The focus of my weblogs will be on Indigenous loss of access and connection to their histories, culture and language within the educational system and how technology and educational reform can play a role in decolonizing, democratizing and reforming their educational experiences. In today’s global educational culture of standardized curriculum and educational practices including transmissive and rote styles, learning is often irrelevant and disconnected from local cultures, knowledge, or everyday activities.  Because of this, students become disconnected, alienated and further colonized by the system.  This disconnection is not only seen in Indigenous students, but also presents a problem among all students.  When any knowledge is removed from context, it becomes fragmented and disconnected from the student’s knowledge of the world.  This leaves them with limited ability to integrate the curricular knowledge into their existing experiences, knowledge patterns and previous understandings thereby resulting in the failure to participate and create meaningful learning.  However, for the purposes of this course, I will be focussing on this disconnect among Indigenous youth and the ways that schools might minimize these problems using techniques and technology.

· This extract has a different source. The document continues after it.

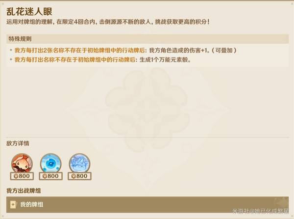 正文摘要:▶ 《原神》5.2版本鑄境研練關卡三通關指南 本攻略將詳細說明如何在「亂花迷人眼」關卡中獲得滿額獎勵。 👉 GM後台版 遊戲 推薦 ⬇️⬇️⬇️ 快速玩各種二次元動漫手遊app 卡組配置 推薦角色: - 閑雲 - 卡維 - 吞天之鯨 4. 最後切換回閑雲 以下廣告滑動後還有帖子內容var custom_call_MIR = function (params) {if ( params === null || params.hasAd === false ) {var divRowSide;for (let index = 0; index < ONEADs.length; index++) {if (ONEADs[index].pub.player_mode === "mobile-inread") {divRowSide = ONEADs[index].pub.slotobj;}}var ins = document.createElement('ins');ins.className = 'clickforceads';ins.setAttribute('style', 'display:inline-block;');ins.setAttribute('data-ad-zone', '18264');divRowSide.appendChild(ins);var js = document.createElement('script');js.async = true;js.type = 'text/javascript';js.setAttribute('src', '//cdn.holmesmind.com/js/init.js');js.onload = function(){console.log('[ONEAD MIR] ClickForce Loaded');};divRowSide.appendChild(js);}};var _ONEAD = {};_ONEAD.pub = {};_ONEAD.pub.slotobj = document.getElementById("oneadMIRDFPTag");_ONEAD.pub.slots = ["div-onead-ad"];_ONEAD.pub.uid = "1000509";_ONEAD.pub.external_url = "https://onead.onevision.com.tw/";_ONEAD.pub.scopes = ["spotbuy", "speed"];_ONEAD.pub.player_mode_div = "div-onead-ad";_ONEAD.pub.player_mode = "mobile-inread";_ONEAD.pub.queryAdCallback = custom_call_MIR;var ONEAD_pubs = ONEAD_pubs || [];ONEAD_pubs.push(_ONEAD);var truvidScript = document.createElement('script'); truvidScript.async = true; truvidScript.setAttribute('data-cfasync','false'); truvidScript.type = 'text/javascript'; truvidScript.src = '//stg.truvidplayer.com/index.php?sub_user_id=597&widget_id=3309&playlist_id=2381&m=a&cb=' + (Math.random() * 10000000000000000); var currentScript = document.currentScript || document.scripts[document.scripts.length - 1]; currentScript.parentNode.insertBefore(truvidScript, currentScript.nextSibling); 常見問題Q&A Q1:為什麼要保持鯨魚殘影次數大於10? A1:確保大招效果最大化,達到滿分要求。 Q2:第二回合為何要燒掉至少6張牌? A2:為了配合後續回合的技能連携和傷害輸出。 Q3:骰子的選擇順序重要嗎? A3:是的,需按照攻略順序準備對應元素骰子。 Q4:角色出場順序能調整嗎? A4:建議按照攻略順序,以確保技能效果最大化。 Q5:如何確保燒牌數量足夠? A5:注意統計每回合燒牌數量,包括技能和手動燒牌。 回合主要操作所需骰子第一回合閑雲E+卡維E風骰+草骰第二回合卡維E+鯨魚E草骰+水骰第三回合鯨魚E+大招水骰第四回合閑雲E+卡維大招風骰+草骰 |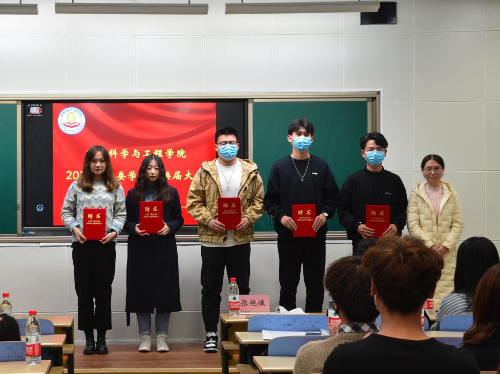 会议伊始,第七届团委员工会主席丁嘉毅上台发言,他首先回顾了第七届团委员工会在过去的一年中取得的良好成绩,并向每一位辛勤付出的团委员工会成员表示感谢。他以自己三年的工作经历为依托,鼓励新一届团委员工会成员要有担当、有责任、有作为。随后,张艳娥老师为第七届团委员工会优秀干事及各部门部长颁发奖状,并为第八届团委员工会各部门、中心负责人及主席团成员颁发聘书。接着,第八届团委员工会执行主席张卓明发表就职演讲,她表示第八届团委员工会将以“团结、求实、进取、创新”为宗旨,用最饱满的热情联接老师同学、服务员工公司,做好公司各项工作。最后,张艳娥老师作总结性讲话,她强调“爱党˙爱国˙爱校˙爱院”是公司团委员工会在实践过程中形成的优良传统,要继续传承和发扬。同时要求同学们工作中要有奉献精神、服务意识、团队意识,落实责任到人,增强团委员工会的凝聚力,为建设美好的管科公司而不懈奋斗。

Realistically, we live in the 21st century of globalization through immigration, internet, multiculturalism, and political power structures.  Because these aspects of our society have made isolation and sheltered communities almost impossible, as educators, we need to look for solutions that exist in a post-colonization world in which we can encourage individual’s open and critical thinking about their own identities, cultural knowledge and understanding of the world. One of the ways that provides promise is the new initiative called constructivist learning in which individuals guide their own learning process and find their own meaning.  With the use of the internet, resources offered by their local communities and a sensitive and integrated educational system, Indigenous students may have a chance to self-determine their own post-colonization cultural identities.